The loss which is probably the most evident, on account of the enormous proportions which it assumes, is the direct expenditure for war appliances. Especially is this true in these days of inventive science, when new firearms, new projectiles, new methods of naval construction and engineering apparatus are daily displacing the old. No nation is willing to be outdone by any other in the perfection of the material which it employs, and hence a governmental activity in this department is incessantly going on, the result of which is a factitious demand for a certain kind of manufacturing skill which the best scientific energy of the day finds it well worthwhile to satisfy, even at the expense of withdrawing itself from the remunerative fields of ordinary industrial activity.
Thus the latest scientific results, the finest artistic contrivances, and the most exact mechanical appliances are, at the first moment of their discovery, impressed into the service of war, and render those previously in use incapable of fulfilling the newly created ends. It need not be pointed out how great a consumption of precious material and diversion of ingenuity all this involves, when it is multiplied over so many centuries and repeated in such interminable succession. The support of armies in peace as well as in war constitutes another channel into which flows the wealth of nations. Of all the political and economic forces that now operate in modern Europe, these armies are considered the most absolutely indispensable to the stability of the government. Let us consider their cost. It has been estimated that the average sum expended for the training of a soldier is $500, while to support him annually costs $150. In Europe alone, the force of the standing armies in time of peace is approximately 4,000,000 men to which 500,000 recruits are added each year, thus making a total annual expenditure of $850,000,000.
“From this array of figures, the mind instinctively retreats, and yet the undoubted tendency in Europe at the present time is toward an enlargement rather than contraction of the system. The conflict between these so called military exigencies and a better economic condition is every day becoming more momentous, and if continued, must at some time assume so monstrous a form as either to be no longer tolerated or to be tolerated only by the destruction of what are now the most powerful states.”

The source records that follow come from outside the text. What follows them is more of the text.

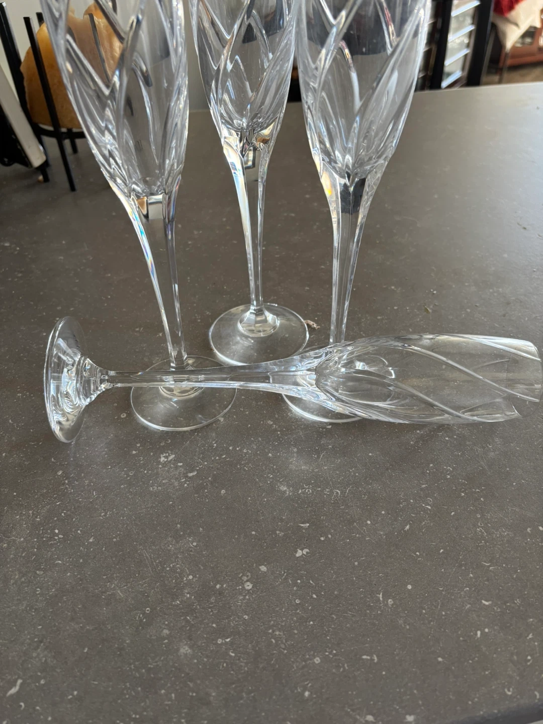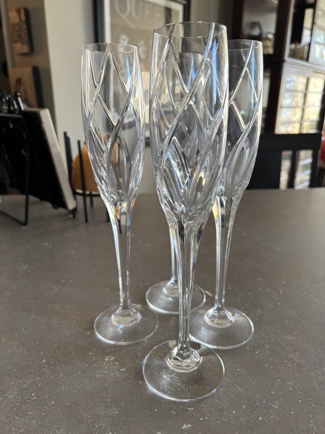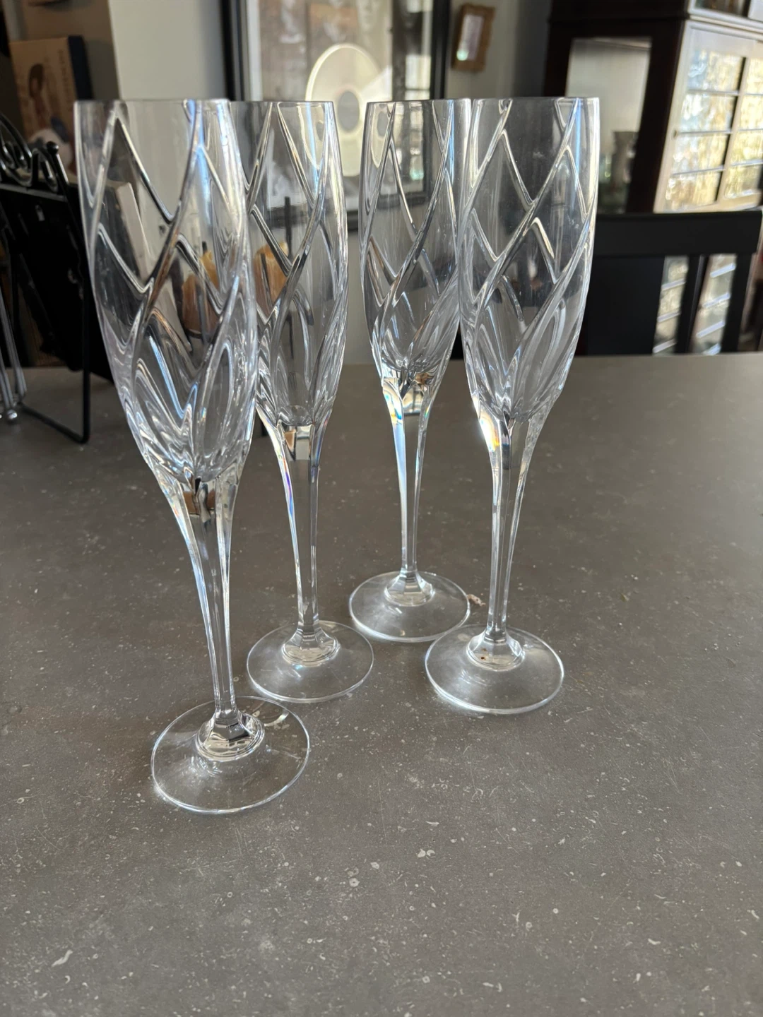 A set of four clear crystal Mikasa champagne flutes. They feature an intricate diamond and leaf pattern etched into the glass bowls and stems. These elegant glasses are perfect for celebrations or special occasions!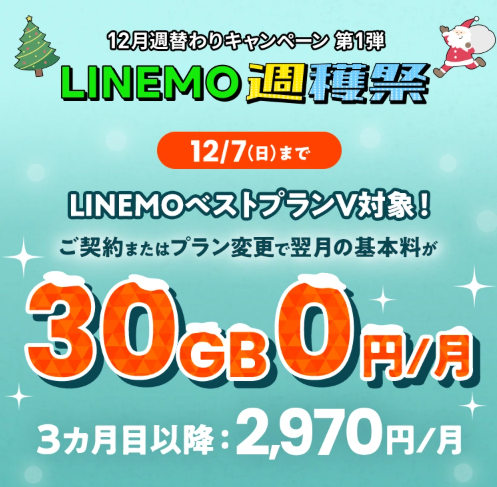 また、現在実施されているキャンペーンとしては、12月の週変わりキャンペーン第1弾として、12/7(日)までは、1か月間(開通月の翌月)、LINEMOベストプランVの月額基本料が0円です。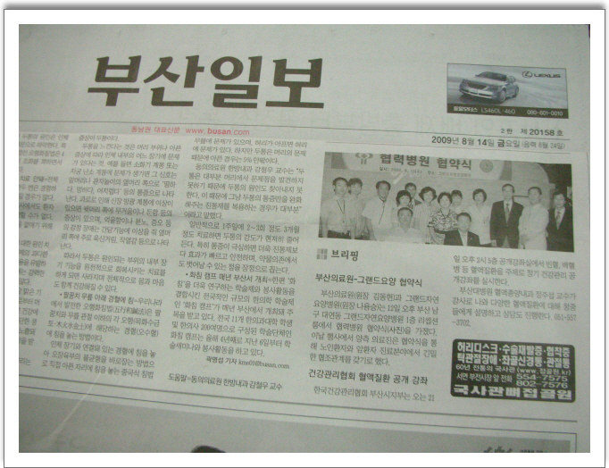 부산의료원-그랜드자연요양병원 협약식 부산의료원(원장 김동헌)과 그랜드자연요양병원(원장 나용승)는 12일 오후 부산 남구 대연동 그랜드자연요양병원 1층 리셉션룸에서 협력병원 협약식(사진)을 가졌다. 이날 행사에서 양측 의료진은 협약식을 통해 노인환자와 암환자 진료분야에서 긴밀한 협조 관계를 갖기로 했다. 출처:2009년8월14일자 부산일보 19면 편집:그랜드자연요양병원 기획실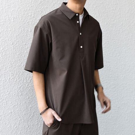 ビジネスシーンにはもちろん、パンツ次第でカジュアルスタイルにも合わせていただけるプルオーバーシャツ。

--Arthur K. Kuhn, The Economic Waste of War, March 1, 1895

Economics & War are Inseparable
As a non-economist who is slowly learning the ropes (and dealing with rope burn), it is interesting to turn another knob of understanding, to build on the phrase ‘the numbers don’t lie’ by hearing insight about decisionmaking and the human mind. In order to grasp how the world functions politically, psychologically, and socially, understanding economics and having a basic understanding of the financial markets of defense procurement is usually a good place to start.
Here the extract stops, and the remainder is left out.